Friday, March 28, 2014

Disney Films: Fantasia- Revolutionizing Animation...Again.

Third in line in the Disney canon is another film that I like not only for what it was (which is pretty amazing, by the way) but for what it did:


If Snow White and the Seven Dwarfs elevated animation to the level of legitimate story telling, then Fantasia elevated it to the level of pure, unadulterated art. A two-hour epic journey into the world of classical music paired with breathtaking animation, Fantasia was more than just a movie. It was an experience.

Walt Disney was a man of many talents. He was, first and foremost, a story teller. He loved reading and telling stories to an audience. But he was also a pioneer and innovator. Nothing fascinated Disney more than the concept of the new. With each successive film, he worked to push the envelope of what animation could do. And so it was with this project. It was never Disney's intention for Fantasia to be just a film. He wanted a continuous, evolving experience. Instead of simply releasing the film like he had with Snow White and Pinocchio, Disney envisioned a touring roadshow. He planned on having new material added every few years. He also wanted audiences to feel like they were really at a symphony, with the orchestra playing all around them. So, he developed a new system he called Fantasound. In essence, Disney pioneered the technology that would become surround sound, some thirty years ahead of its time.

Unfortunately, Disney's gift was also his curse. RKO, his distributor, was uncomfortable with the roadshow format, and only issued a limited release. The film was a huge success and was wildly popular, but the production costs of setting up the equipment and leasing the theaters decimated any profits the movie made. Disney also had some unfortunate timing. The advent of WWII caused demand for certain materials to skyrocket, and a lot of the Fantasound equipment was scrapped to help the war effort. In an attempt to regain some of his losses, Disney allowed RKO to issue the film in a general release to audiences, but to save costs and encourage higher ticket sales, the film was released in mono sound and was heavily edited for time. Subsequently, Disney's dream of an evolving experience was shattered, and he was forced to abandon the idea.

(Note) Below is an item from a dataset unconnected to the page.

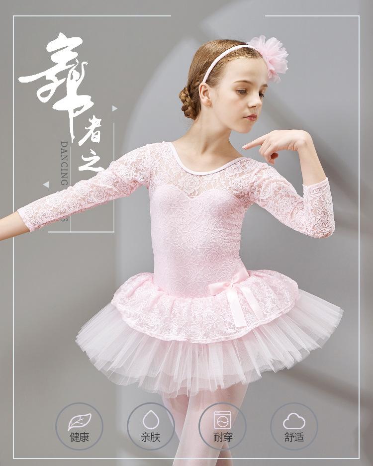 En stock, disfraz de baile para niños, ropa de práctica, falda de ballet de manga larga para niñas, falda de disfraz de baile para jardín de infantes
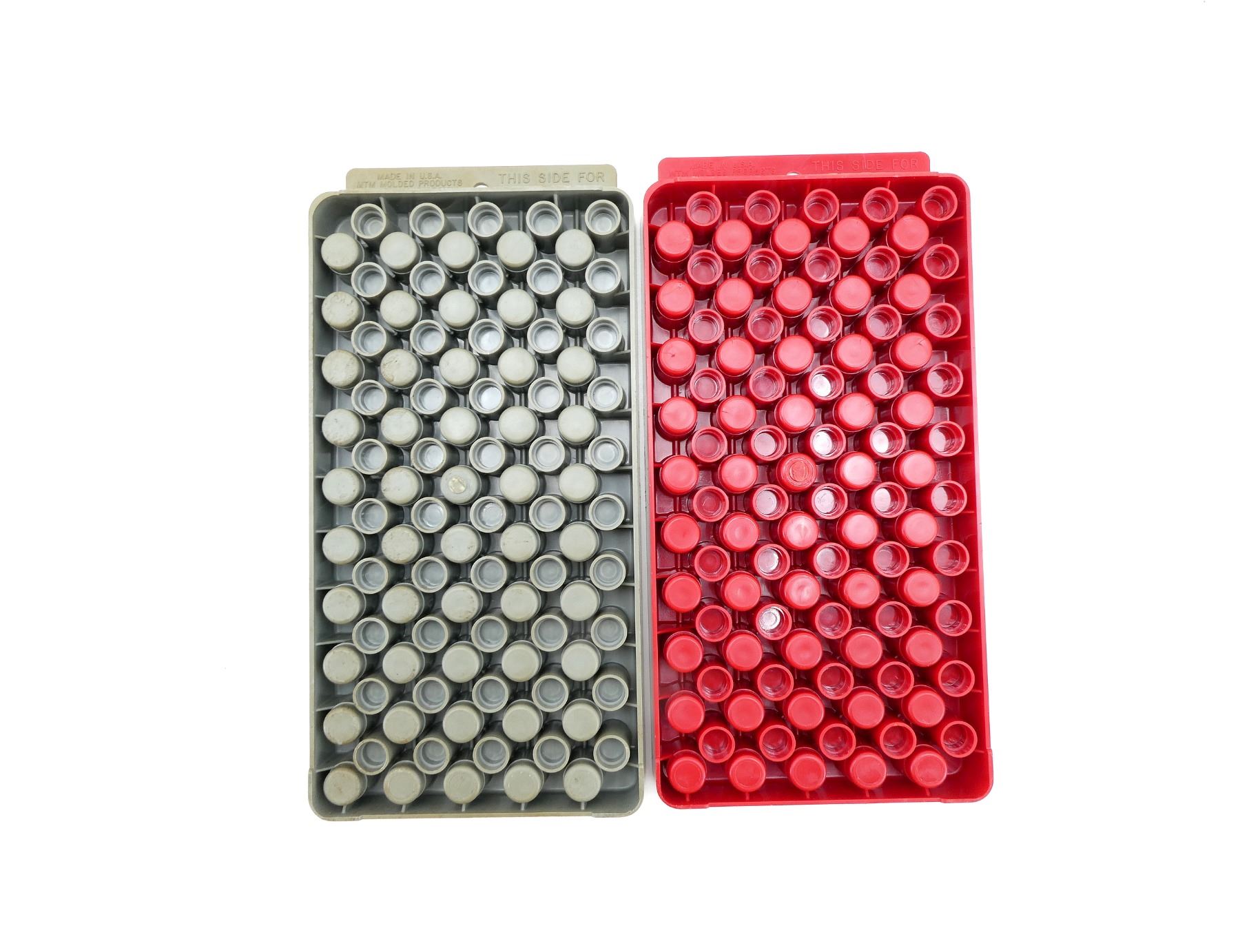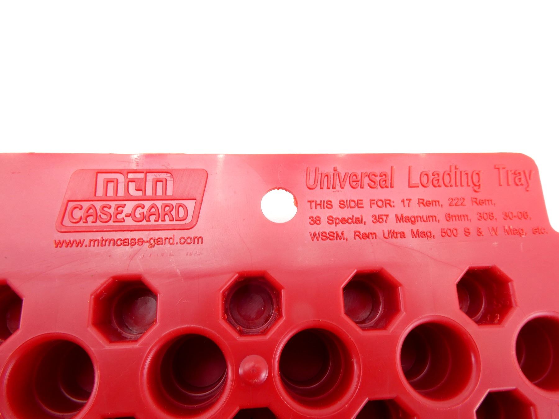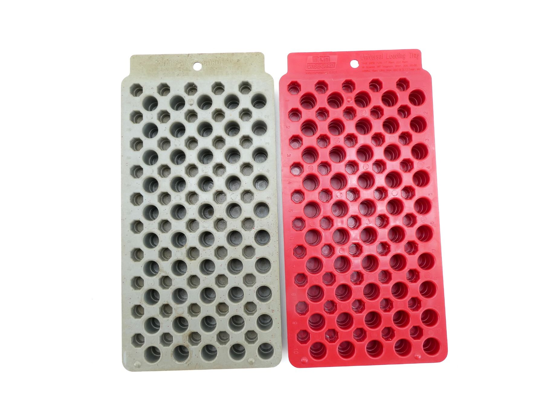 LOT INCLUDES; (2) MTM CASE-GARD RED / GREY PLASTIC TRI-UNIVERSAL LOADING TRAYS, HOLD 150 RNDS, FITS VARIOUS CALIBERS. SEE PHOTOS.

What remains of the project (and what most video and DVD copies contain) is still considered by many critics to be an artistic masterpiece. Disney had hired Leopold Stokowski, conductor of the Philadelphia Orchestra, to conduct and gave him free reign over the musical aspect of the project. Stokowski was so thrilled with the concept, he offered to work on it for free. The music is brilliantly conducted and the passion that Stokowski has is obvious, even though all you ever see of him is a silhouette.


Disney had his animators choreograph the various musical pieces in differing styles:

Bach's Toccata and Fugue is backed with abstract shapes and designs that moved with the rhythm of the music.

Tchaikovsky's Nutcracker Suite depicts various elements of nature (and some fairies) in sprightly dances.
Dukas's The Sorcerer's Apprentice has the only recognizable Disney character, Mickey, playing out the story as originally written by Goethe. (Fun trivia tidbit: the Sorcerer's name in the film is Yensid. It's Disney spelled backward!)

Stravinski's Rite of Spring shows early life on Earth, including the reign and subsequent extinction of the dinosaurs.

Beethoven's Pastoral Symphony portrays various characters in Greek mythology gathering for a celebration of Bacchus, god of wine.

Ponchielli's Dance of the Hours is a 4 act ballet, with the dancers played by various animals.

The final piece is a combination of Mussorgsky's Night on Bald Mountain and Schubert's Ave Maria. The music is accompanied by the Slavic demon Chernabog forcing the spirits of the dead to dance for his pleasure. (Trivia tidbit: Chernabog's facial expressions were based heavily on Béla Lugosi, best known for his portrayal of Dracula.) The festivities come to an end when the demons and spirits hear the sound of church bells and a choir singing Ave Maria, while monks walk through the woods to a cathedral.

A brief interstitial is shown after the Rite of Spring sequence that introduces audiences to the orchestra, and shows how sound is rendered on film with the help of an animated line displaying the vibrations of various instruments.

Disney's exceptional vision for the enormous potential of animation as legitimate art has left history with one of the greatest gems of the 20th century. While a few sequences might frighten younger children (the Night on Bald Mountain sequence and the Rite of Spring sequence), most older children, teens, and adults will thoroughly enjoy Fantasia, particularly if they have a love of art or classical music. Fantasia is much more than a film. It is what Disney envisioned from the beginning: an experience!